Advertisements Stir Up Nothing but Resentment
I was glad to see that people were speaking out against the ads that David Gordon, owner of Roosevelt Memorial Park, has placed in the Jewish Exponent, but was disappointed that the negative response was only about cremation. I called Mr. Gordon after noticing the first ad in the paper, many months ago, to share my disgust.
I find the ads to be distasteful, and that they play on scare tactics. They started appearing at a time when my husband and I were beginning to investigate buying plots, and his ads made it clear to me that his cemetery was not a place I wanted to spend any time in — life or death.
I hope Mr. Gordon takes a good hard look at his advertising methods and replaces his current campaign with one of compassion and caring.
Why Shouldn't Cremation Be a Viable Option?
After seeing the advertisment for Roosevelt Memorial Park's cremation option, I knew there would be a lot of negative feedback from your readers.

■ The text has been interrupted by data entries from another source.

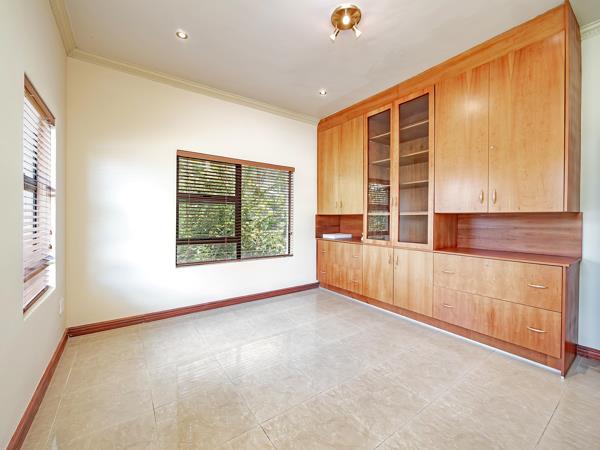 This home comes with 4 large bedrooms all with en-suite bathrooms, ample cupboard space, 3 bedrooms are upstairs with the guest bedroom downstairs. The master bedroom is spacious, has a pyjama lounge, a walk in closet and opens onto the balcony.
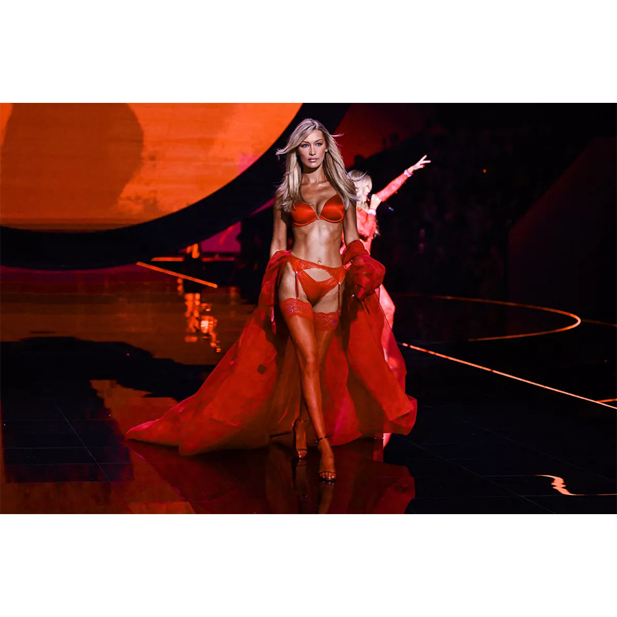 健康上の問題により、ここ数シーズンはファッションウィークを欠席していたベラ・ハディッドが、2度のランウェイ登場でセンセーションを巻き起こした。1回目は、赤い情熱的なランジェリーのセットアップに、ガーターストッキングと同色のふんわりスカートを合わせたスタイル。2回目は、全身スパンコールの衣装に、白く大きな翼をあしらったルックで登場した。姉のジジも共に登場し、キャンディピンクのレースビスチェに花びらを模したロングコートをまとってランウェイを歩いた。
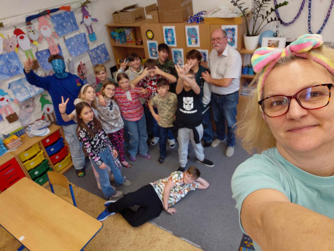 Prožili jsme týden, kdy i naše ponožky musely ladit s náladou dne. Od pondělí až po pátku jsme si to náramně užili. Bylo to barevné, bylo to hlasité a naše pračky si zaslouží dovolenou. Díky všem za skvělou jízdu. Za super partu skvělých dětí paní asistentka.
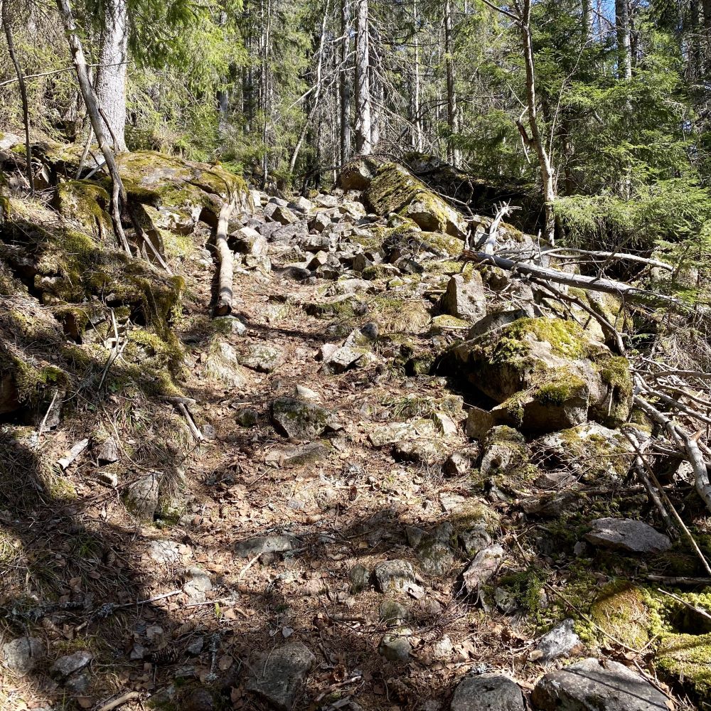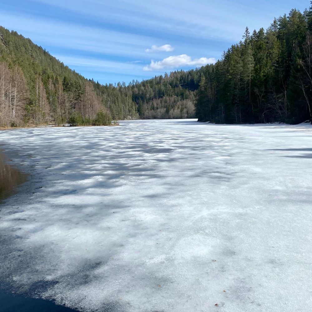 Nächste Highlights beim Aufstieg waren die Stauseen Borgetjern und Svarttjern. Beide noch teils von einer Eisschicht bedeckt. Ab so 250 m ü. NN war es hier am letzten Tag des Aprils doch noch etwas winterlich. Das spürte ich erst recht nachdem ich den schönen Trail am Nordufer des Svarttjern gemeistert hatte. Denn beim weiteren Anstieg zum Knabben fungierte der Trail dank der Schneeschmelze als temporärer Gebirgsbach. Zwar nervig, aber mit wasserfestem Schuhwerk zum Glück kein Grund umzukehren.
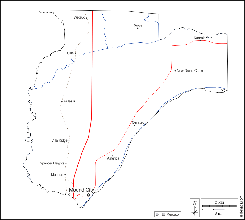 America, Karnak, Mound City, Mounds, New Grand Chain, Olmsted, Perks, Pulaski, Spencer Heights, Ullin, Villa Ridge, Wetaug.
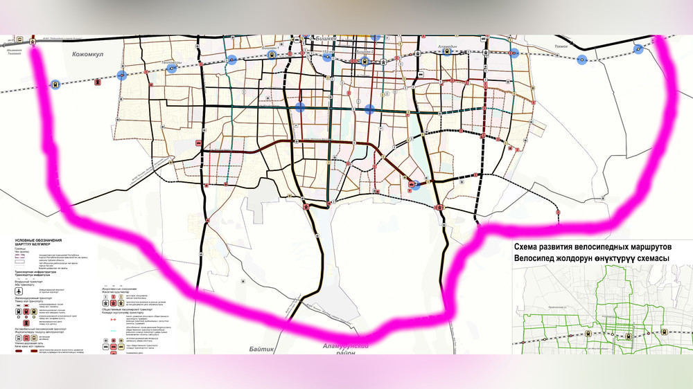 Бишкек (АКИpress) - В новом генеральном плане столицы предусмотрено строительство южной объездной дороги, которая позволит полностью закольцевать транспортную систему вокруг Бишкека. Об этом 27 октября сообщил первый заместитель главы муниципального предприятия «Бишкекглавархитектура» Азирет Акимов в интервью агентству АКИpress.
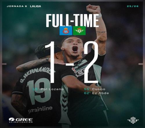 雷速體育10月6日宣 由于普阿多讀秒點球罰丟,貝蒂斯最終在客場2-1頑強逆轉(zhuǎn)西班牙人,豪取西甲三連勝。
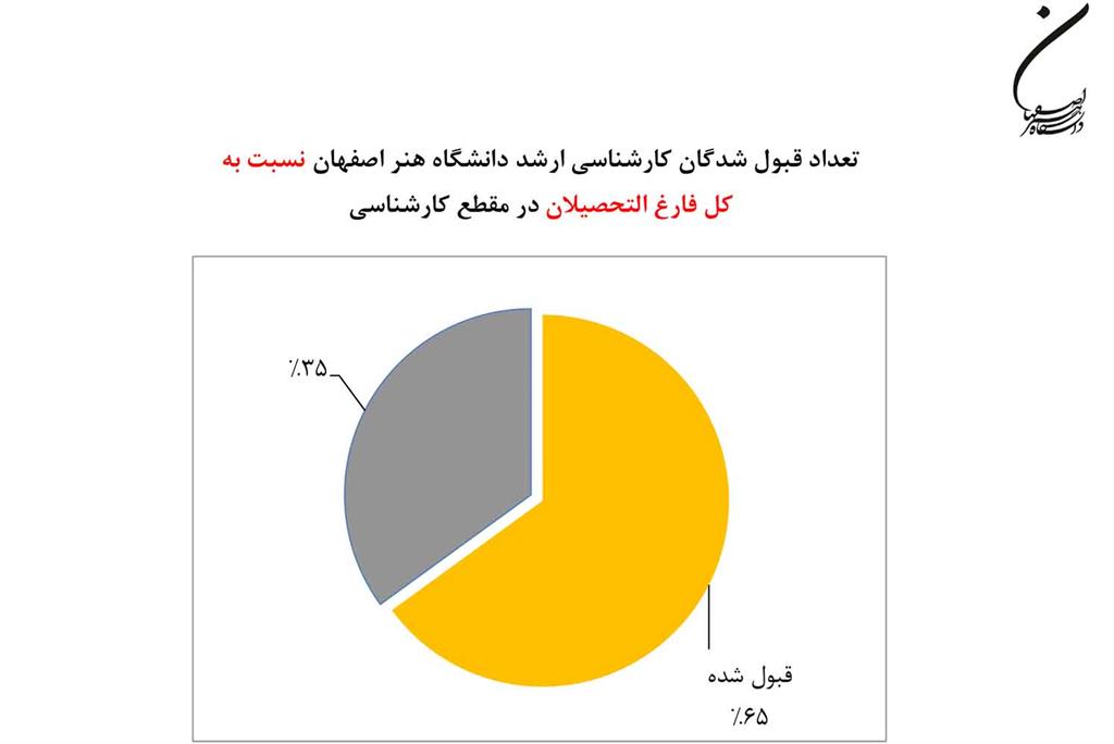 دانش آموختگان مقطع کارشناسی دانشگاه هنر اصفهان با درخشش مثال زدنی توانستند با ۶۵ درصد قبولی نسبت به کل فارغ التحصیلان در مقطع کارشناسی این دانشگاه، بار دیگر در رقابت با دانشجویان سایر دانشگاه ها افتخاری دیگر را برای خود و دانشگاه هنر اصفهان رقم زنند.
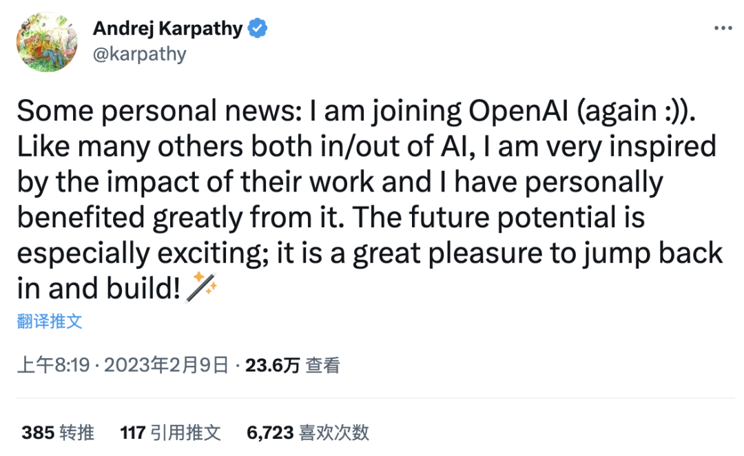 祝福 Andrej Karpathy 在 OpenAI 开启新征程。
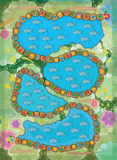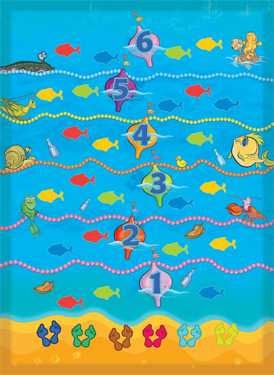 Ryby - w jeziorze roi się od smakowitych ryb, ale zadaniem graczy jest złowienie jak najdorodniejszych okazów i zdobycie największej ilości punktów. Głęboka woda zakrywa ryby i gracze nie będą widzieli, co akurat złapali na wędkę. Ale nie traćcie czujności, możecie zapamiętać rozłożenie ryb podczas zarybiania i łowić tam, gdzie podpowiada wam bystre oko i świetna pamięć. Uważajcie, bo ktoś zaśmiecił jezioro i możecie natknąć się na dziurawy but albo puszkę, za które otrzymacie punkty ujemne. Jeśli przeciwnik będzie zajęty nakładaniem przynęty albo ryba wskoczy mu z powrotem do wody, macie szansę na większy połów. Chwytajcie po wędki i biegnijcie na plażę! Zasady połowy oparte są na grze typu memos.
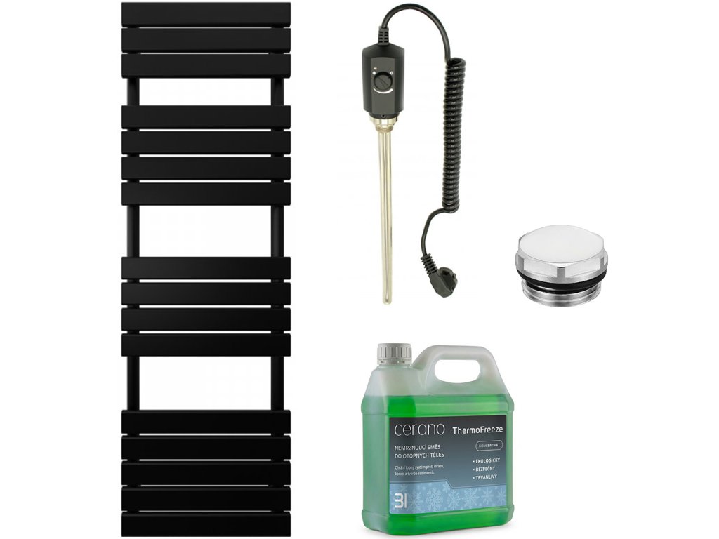 CERANO - Koupelnový elektrický radiátorový set Claude - 900W - černá matná - 1600x500 mm

I personally would not choose cremation, but why should I condemn someone who would?
The Jews who were exterminated in the Holocaust did not choose to die — nor the method by which they died. Shouldn't people who may have had their bodies ravaged by cancer be allowed to choose cremation?
I think we should accept a person's final wishes whatever they may be, whether we personally agree with them or not.
There's More to Torah Than This Rabbi Let's On
We owe Rabbi Seymor Prystowsky (Letters: "Blind Faith: Hardly the Path for Modern Jews," Oct. 28) a debt of gratitude for so clearly articulating his approach to the Torah: that it is a mere human work and does not demand of us anything we wouldn't ask of ourselves in its absence.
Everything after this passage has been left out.